Fusion event calling from raw read files of tumor-adjacent tissues and tumor lesions was performed using FusionMap [29] which was designed to detect and align fusion junction-spanning reads to the genome directly [29]. Fusions were filtered out if 1) seed reads were ≤3 or were listed in the in-family analysis or found in a paralog gene list; 2) fusions were associated with uncharacterized genes, immunoglobin genes, mitochondrial genes or repeat regions; and 3) fusions were reported in normal samples. High confidence fusions were input into FusionHub to search for reported fusions and predict the fusion effects.

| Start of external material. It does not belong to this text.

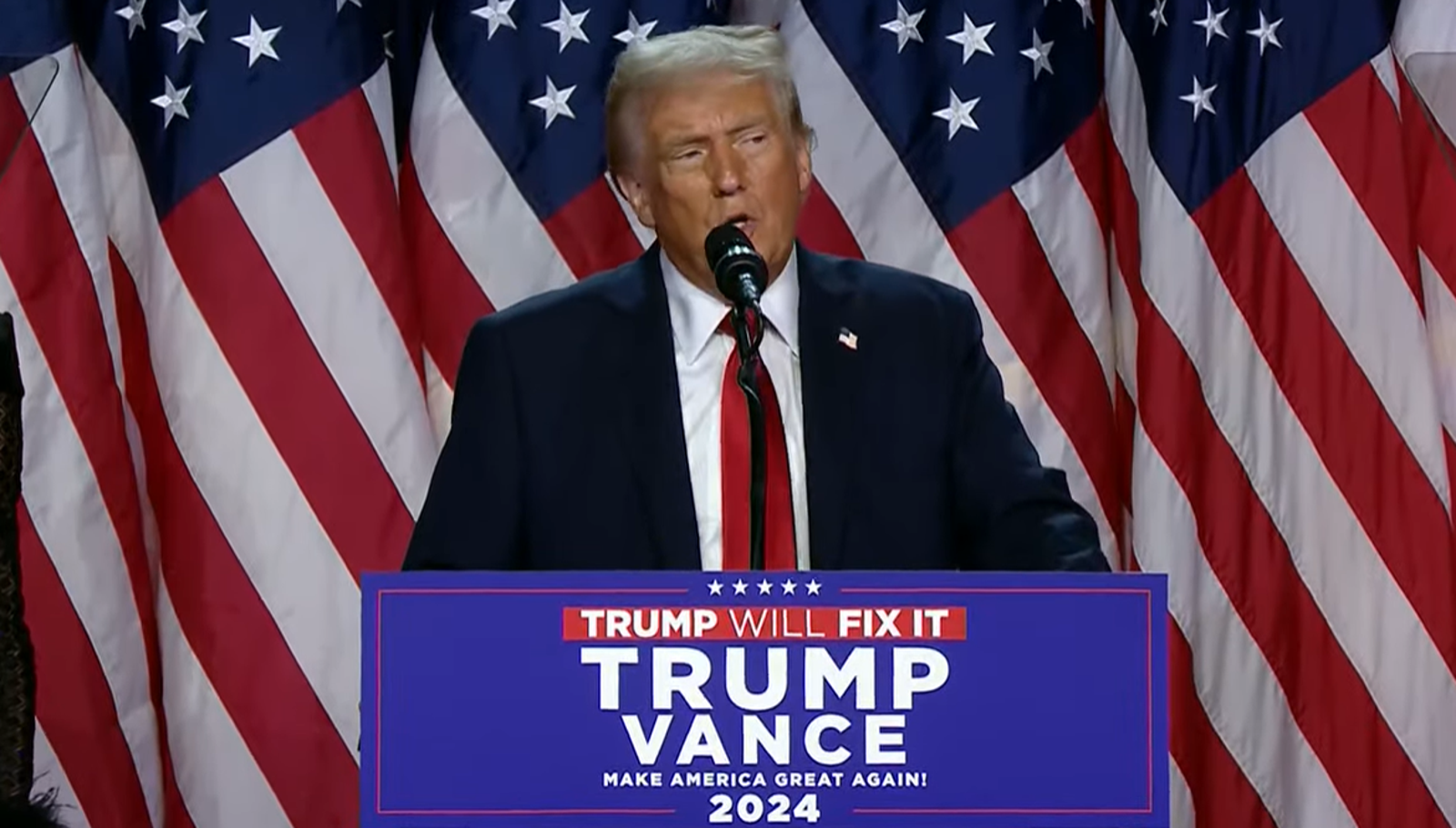 川普演說稱,他要幫助受傷的美國「治癒」,並再度呼喊他的口號「要再次讓美國偉大」。川普也感謝所有支持者,以及看到共和黨在議會拿下控制權,讓他甚感欣慰。川普還說,他的勝選對美國人來說是「巨大勝利」,也將是美國的「黃金年代」。

Copy number variation calling, filtering, and driver copy number variation identification

Control-FREEC was used to detect CNV with paired pileup files that were generated from unsorted bam files [30]. High confidence somatic CNVs were identified with a p-value less than 0.01 for both Wilcoxon and the Kolmogorov-Smirnov tests. They were next annotated by ANNOVAR [31]. Intergenic regions were then removed. Copy number variation reoccurring analysis was performed using GISTIC2.0 [32].

Sardinian prostate cancer driver copy number variations already present in OncoKB33 (https://www.oncokb.org) annotated alterations were classified as “putative copy number variations”. Classification of Sardinian “candidate driver copy number variations” was based on curation in OncoKB onco-gene (amplification) or in OncoKB tumor suppressor gene (loss).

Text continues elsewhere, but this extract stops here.